Similar to Source and Sink config, record_type instructs the Pipeline to instantiate a specific extraction implementation for a given type of source record such as Delimited Records (e.g., CSV, TSV), JSON Records, or Fixed Width Binary Records.
Type: | string |
Required: | No |
Default: | json |
Allowed values:
extract.<file_group_name>.null_strings
null_strings instructs the extraction process to convert a string literal such as NA to a null value in the transformation layer. This allows different null string values to be provided. null_strings must be an array of strings. If trim_whitespace is set to true and a string value is trimmed to become a null_string, that value converts to null.
Type: | string[] |
Required: | No |
Default: | |
The empty_as_null setting specifies whether empty fields should be treated as null. An empty field is defined as a string field containing no characters (its length is 0). When set to false, empty fields will be treated literally as empty strings. When set to true, empty fields will be treated as null in the transformation and loading process. If trim_whitespace is set to true and empty_as_null is set to true, a field that consists of only whitespace will also be converted to null.
Type: | boolean |
Required: | No |
Default: | True for the Delimited and FWB extract types, False for a JSON extract type |
The trim_whitespace setting specifies whether whitespace should be trimmed from the beginning and end of each string field as it is extracted.
Type: | boolean |
Required: | No |
Default: | False |
The encoding setting specifies the file encoding to use. Encodings should use standard encodings defined in the Java Internationalization Guide.
Type: | string |
Required: | No |
Default: | UTF8 |
replace_invalid_characters defines whether invalid characters based on the encoding type should be replaced with a replacement character (i.e. U+FFFD). If this setting is false and invalid characters are encountered, the record will not be loaded and a record extraction error will be logged.
Type: | boolean |
Required: | No |
Default: | False |
The JSON Extract type allows LAT to extract JSON data from the source records. There are no additional configuration settings available for JSON beyond the common Extract settings.
In this example JSON extract configuration, the replace_invalid_characters setting is used to convert any invalid UTF-8 characters with the UTF-8 replacement character. The file group name assigned to this file group was defined as "json_user_data" in the source section of the pipelines. When transforming this data, you can reference columns by the JSON object keys.
The Delimited Extract type allows the LAT to extract delimited data from the source records. The delimiter character is configurable to support CSV, TSV, or other delimited formats like pipe and semicolon. Fixed width files are a separate extraction type.
- Delimited files can have additional comment rows that are prefixed by a # character. These lines are not processed and will be skipped during loading.
- A maximum number of 1024 columns can be loaded in a single delimited file.
- You can enclose fields with an optional enclosure character. In these cases, the enclosure character is not retained in the loaded data.

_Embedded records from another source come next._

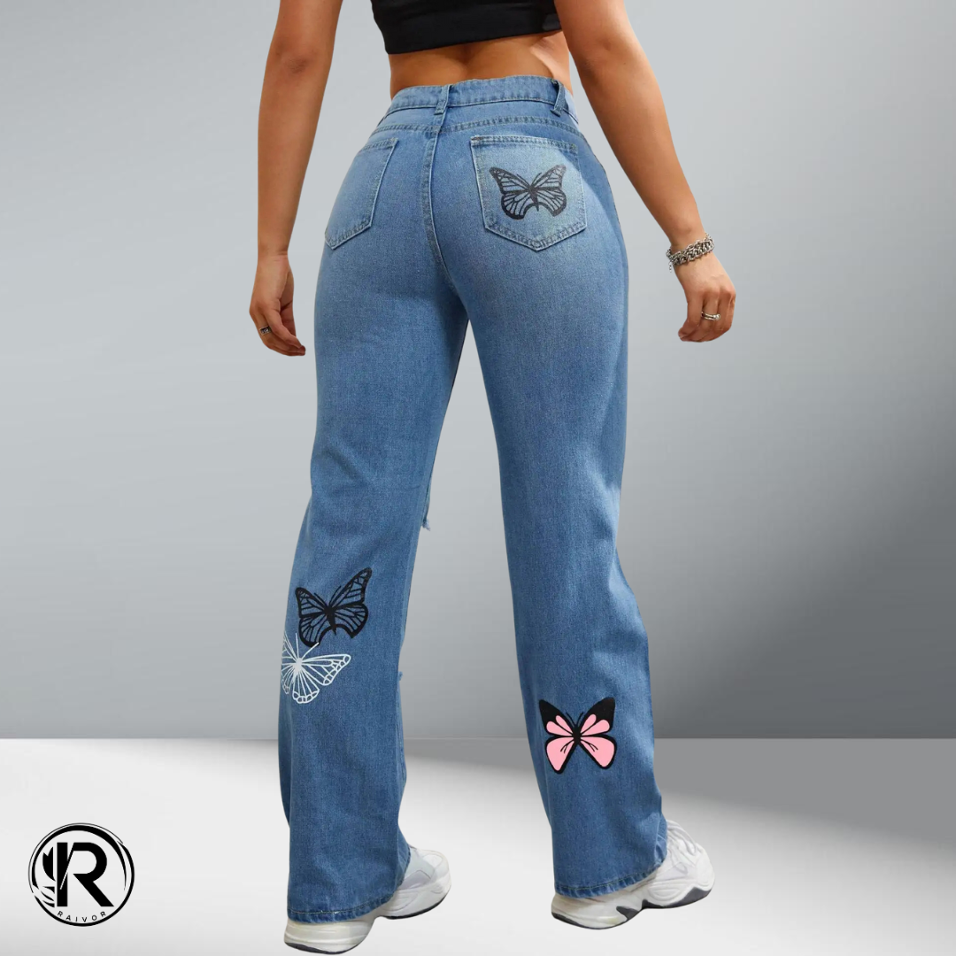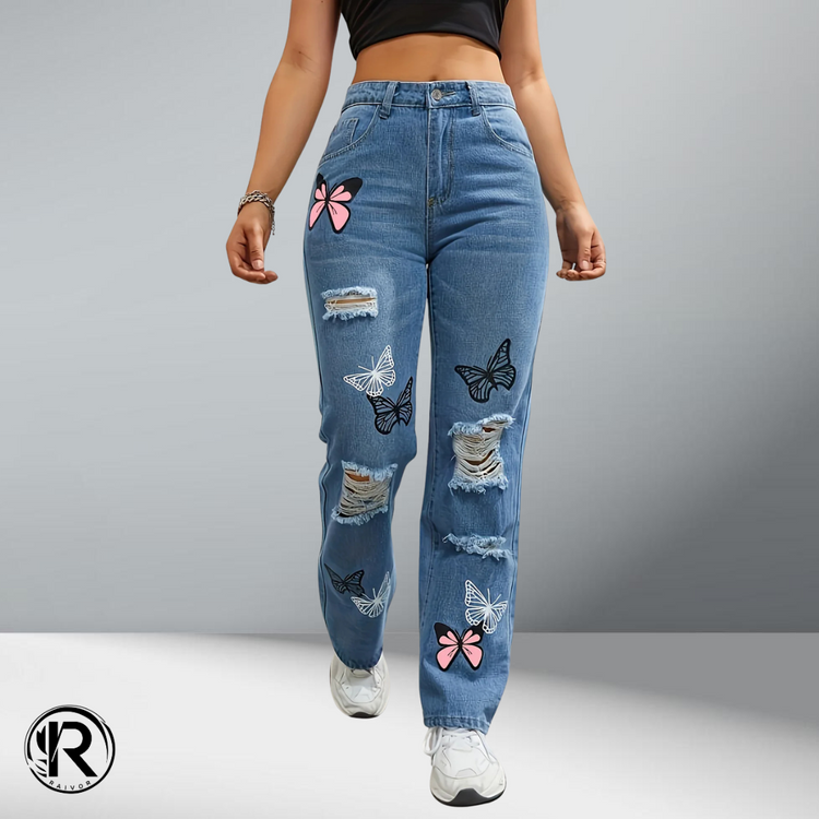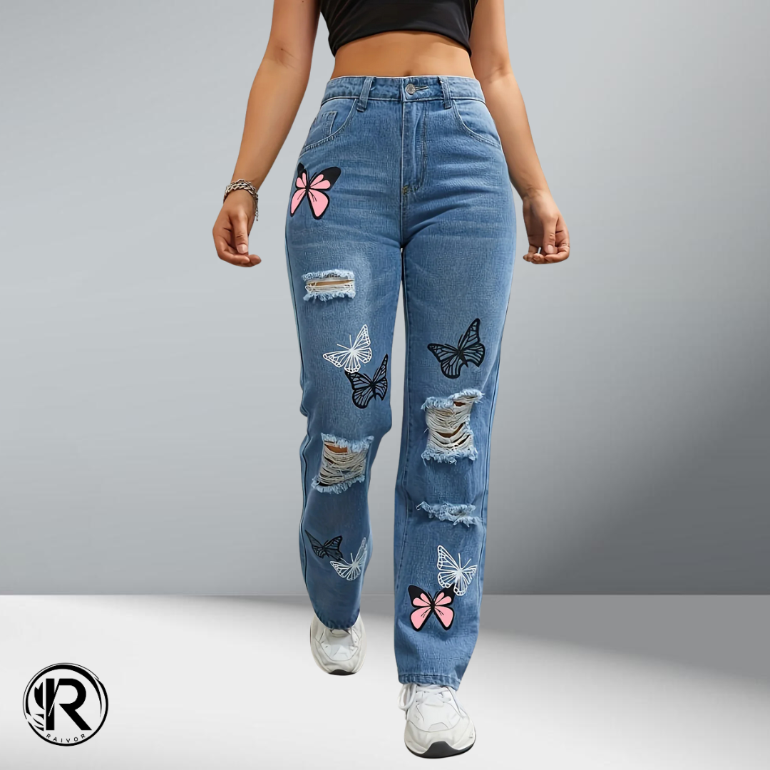 ג'ינס בגזרה ישרה עם הדפסי פרפרים וקרעים במקומות הנכונים – משלב נוחות עם לוק שלא מתאמץ אבל בולט. מושלם ליום-יום עם סטייל.
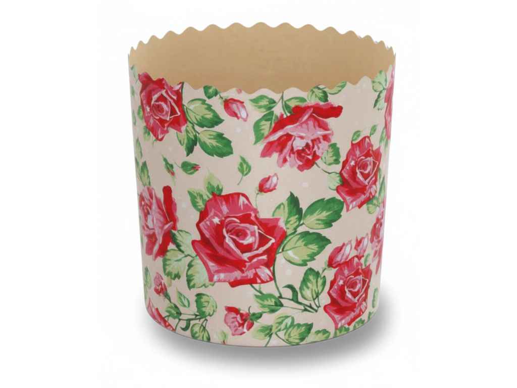 Форми виготовлені з жиростійкого пергаментного паперу, перфорація стінок. Повноколірний друк виконаний харчовими фарбами. Дно виготовлено з двохшарового, жиростійкого,перфорованого матеріалу.Діамерт дна 130мм.Висота 85мм. Вага готового виробу 500грам. В упаковці 5 штук в одному дизайні
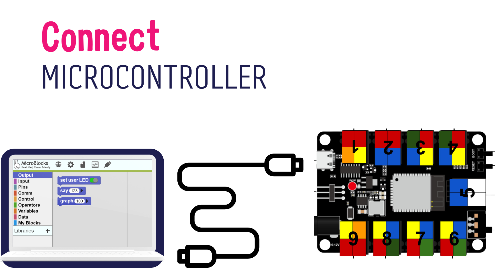 Learners will try to connect the Microcontrollers to their laptops in Microblocks, to get the USB icon turn green.
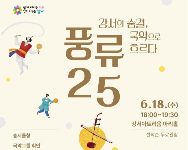 서울 강서구(구청장 진교훈)는 오는 18일 오후 6시, 강서아트리움 2층 공연장(아리홀)에서 전통문화예술 공연 `풍류25`를 개최한다고 밝혔다.
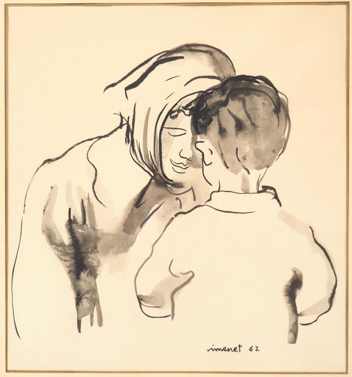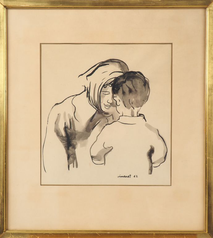 VIMENET. "Mère et son enfant". Encre signée et datée 62 en bas à droite. Dim. 26,5 x 24 cm
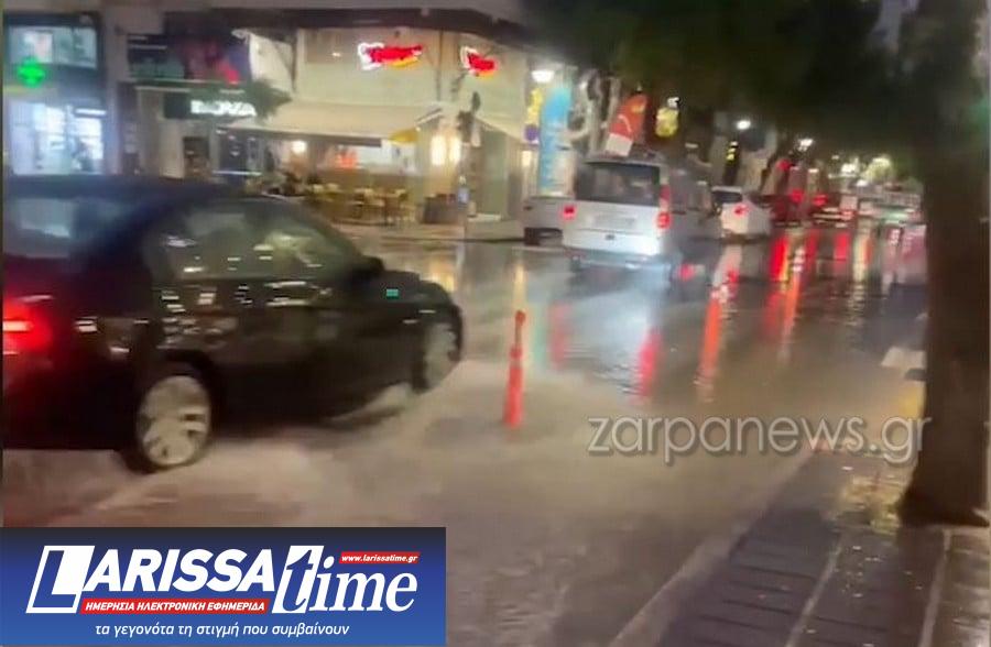 Στο βίντεο που δημοσιεύει το zarpanews.gr από την οδό Κυδωνίας, φαίνεται ότι η στάθμη του νερού είναι ιδιαίτερα υψηλή, δυσκολεύοντας τη διέλευση των πεζών και αναγκάζοντας τα οχήματα να κινούνται με χαμηλές ταχύτητες.
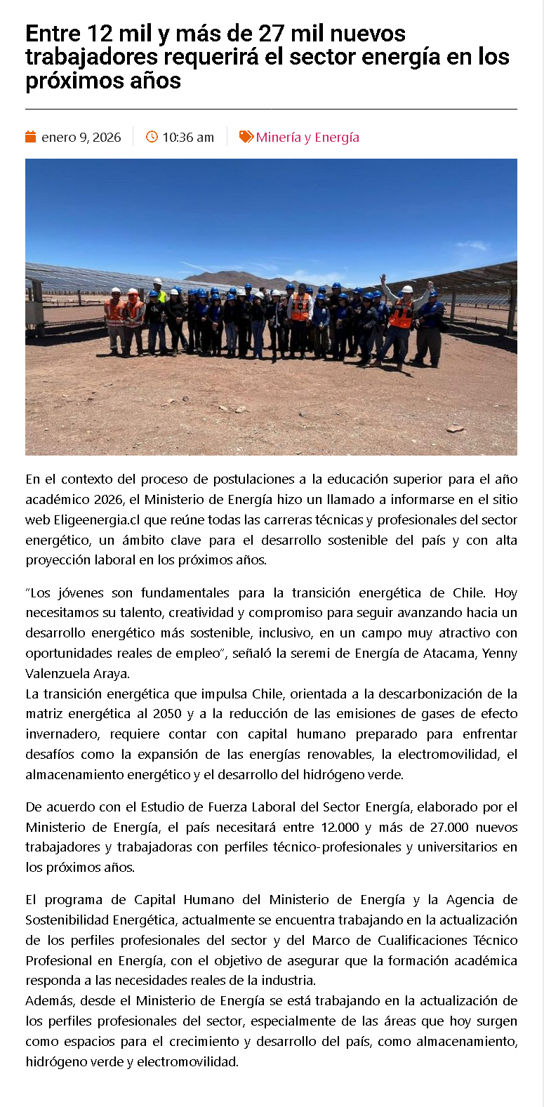 Sector Energía demandará entre 12 mil y 27 mil nuevos trabajadores - (El Diario de Atacama)
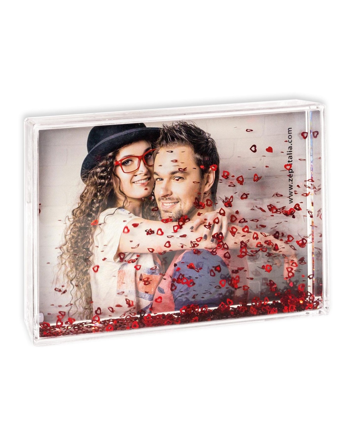 Shake Frame Heart, cornice in acrylico effetto trasparente, con spazio per inserire una foto, con acqua e cuoricini fluttuanti, idea regalo originale, adatto al tema dell'amore.

- You can skip a configurable number of header lines during loading to prevent column headers from appearing as loaded data.
The system parses headers from the beginning of each file if you configure num_header_lines and do not configure headers.
The system automatically names columns if you do not configure num_header_lines and headers. The columns are named "$0", "$1", and so on consecutively instead.
- You can define multiple file groups. This allows different delimited extraction settings on each file group.
- The default record delimiter is a \n newline character. If source data differs, this should be overridden.
Records with improperly escaped "quote characters" or malformed "quoting" of column data will not parse. See the num_header_lines setting for more details.
- Control characters such as the NULL byte 0x0 are automatically processed as whitespace when parsing delimited records.
The field_delimiter specifies the string that should function as a column delimiter. The field_delimiter character applies to any unquoted and unescaped text when extracting records from the source file. This can be a single character or a multi-character string delimiter. Only one field_delimiter string is allowed per extract.
Type: | string |
Required: | No |
Default: | , |
The record_delimiter specifies the string that indicates the end of a record. The record_delimiter character applies to any unquoted and unescaped text when extracting records from the source file. This can be a single character or a two-character string delimiter. Only one record_delimiter string is allowed per extract.
The default is a standard newline character \n. Depending on the file, typical settings for this delimiter are a newline \n, a carriage return \r or a carriage return and newline \r\n.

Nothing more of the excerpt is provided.